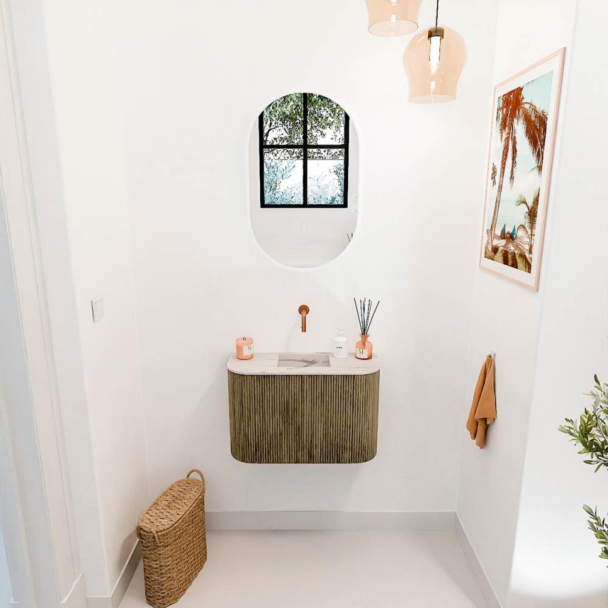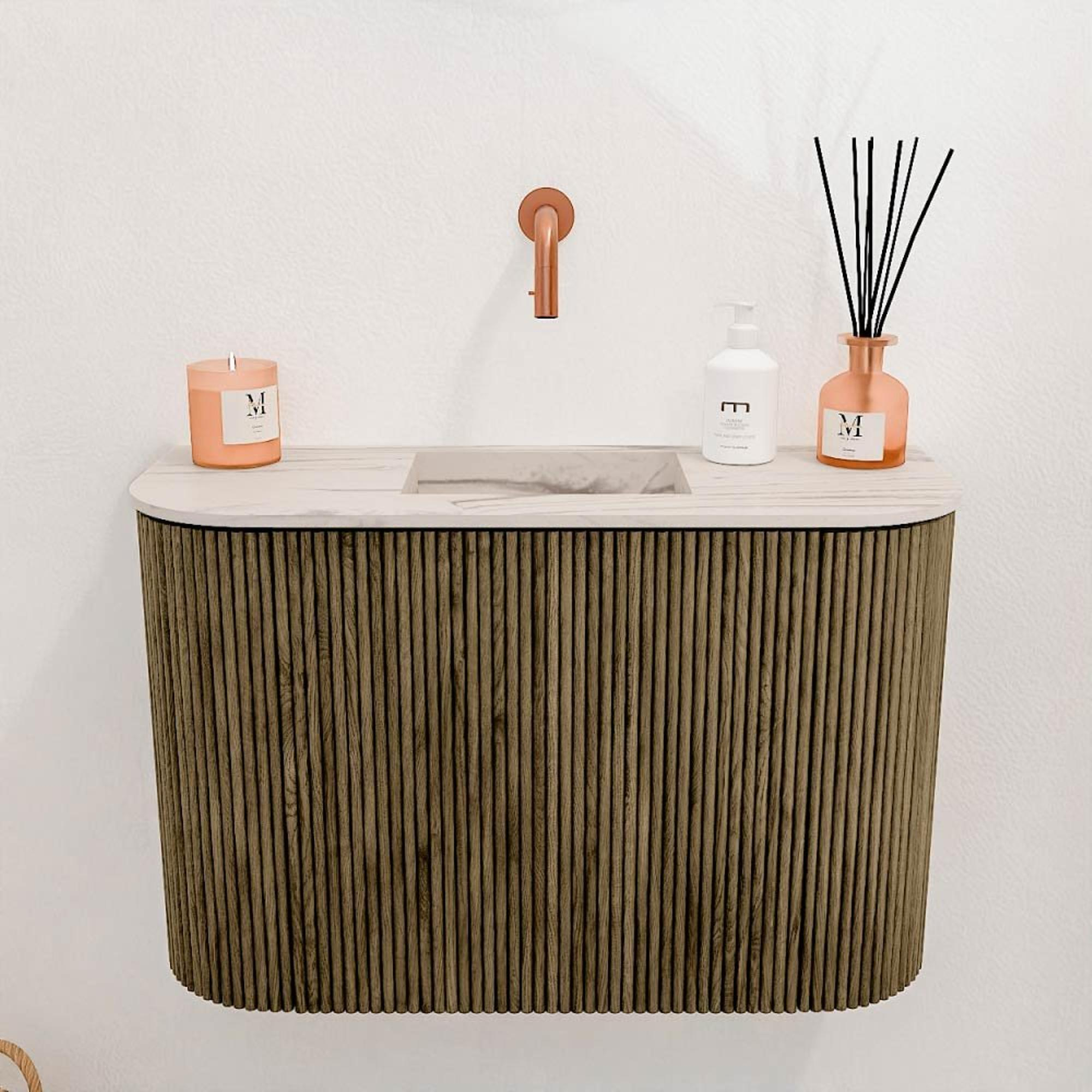 Les arrondis uniques des deux côtés du meuble lui confèrent un caractère particulier et raffiné. La couleur Dusk est profonde et intemporelle, ce qui permet au meuble de s'adapter sans effort à différents styles de salle de bains. Que vous aimiez un aménagement épuré et moderne ou que vous souhaitiez créer une ambiance chaleureuse et naturelle, ce meuble s'ajuste à vos souhaits. Le contraste subtil avec la vasque en Nata rend l'ensemble encore plus attrayant et assure une apparence fraîche. Vous profitez ainsi d'une salle de bains qui non seulement est belle, mais aussi un véritable point de mire.
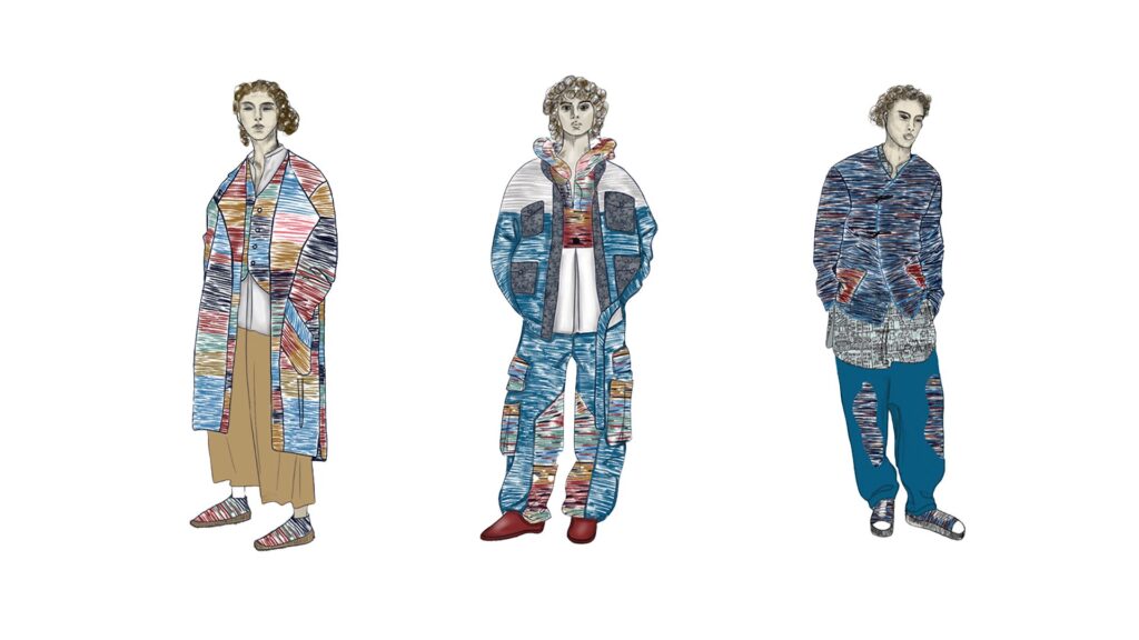At the heart of the ‘Beyond Illusion’ collection are designs that utilise the ancient weaving technique sakiori and the traditional natural indigo dye method combined with modern cuts. I use pineapple yarns made from agricultural waste, discarded fabrics, damaged yarns, and leftover fabric sourced from my previous collection. All ingredients are sourced locally, and I design with monofibre for recyclability. All of this creates practical, fashionable pieces that bring a delicate combination of the old and the new.
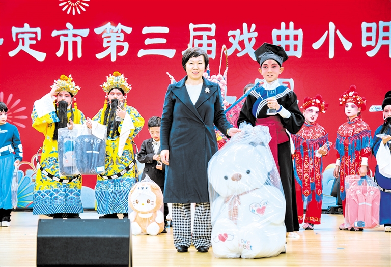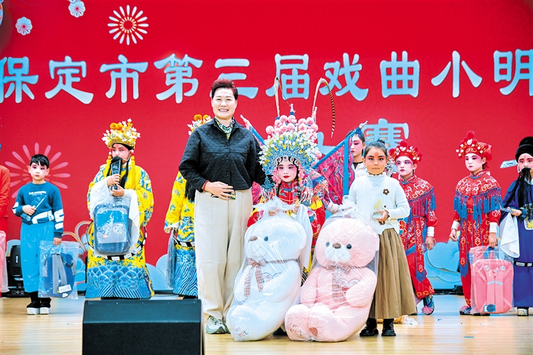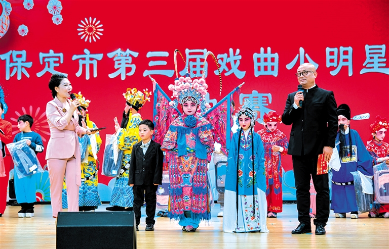 优雅俏皮的小花旦、嗓音雄浑宽厚的老生,韵味十足的“红衣仙子”,有台风又镇定自若的“八王爷”,动作如行云流水般的戏曲武术表演……11月24日下午,莲池区第一实验小学童心会堂内曲声悠扬,小选手们在舞台上激烈角逐,展示才艺,台下喝彩声不断,保定市第三届戏曲小明星大赛决赛在这里举行。保定老调、京剧、评剧、河北梆子、新颖调等剧种好戏连台,花旦、青衣、武生等艺术形象粉墨登场,戏曲小明星们身着华美戏服、头戴精美的发饰,表演精湛动人,动作一招一式尽显功底,赢得观众和评委们的一致点赞。

Exercise requirements:
Reproduce the listing exactly, minus its pictures.

Expected output:
 Les arrondis uniques des deux côtés du meuble lui confèrent un caractère particulier et raffiné. La couleur Dusk est profonde et intemporelle, ce qui permet au meuble de s'adapter sans effort à différents styles de salle de bains. Que vous aimiez un aménagement épuré et moderne ou que vous souhaitiez créer une ambiance chaleureuse et naturelle, ce meuble s'ajuste à vos souhaits. Le contraste subtil avec la vasque en Nata rend l'ensemble encore plus attrayant et assure une apparence fraîche. Vous profitez ainsi d'une salle de bains qui non seulement est belle, mais aussi un véritable point de mire.
At the heart of the ‘Beyond Illusion’ collection are designs that utilise the ancient weaving technique sakiori and the traditional natural indigo dye method combined with modern cuts. I use pineapple yarns made from agricultural waste, discarded fabrics, damaged yarns, and leftover fabric sourced from my previous collection. All ingredients are sourced locally, and I design with monofibre for recyclability. All of this creates practical, fashionable pieces that bring a delicate combination of the old and the new.
 优雅俏皮的小花旦、嗓音雄浑宽厚的老生,韵味十足的“红衣仙子”,有台风又镇定自若的“八王爷”,动作如行云流水般的戏曲武术表演……11月24日下午,莲池区第一实验小学童心会堂内曲声悠扬,小选手们在舞台上激烈角逐,展示才艺,台下喝彩声不断,保定市第三届戏曲小明星大赛决赛在这里举行。保定老调、京剧、评剧、河北梆子、新颖调等剧种好戏连台,花旦、青衣、武生等艺术形象粉墨登场,戏曲小明星们身着华美戏服、头戴精美的发饰,表演精湛动人,动作一招一式尽显功底,赢得观众和评委们的一致点赞。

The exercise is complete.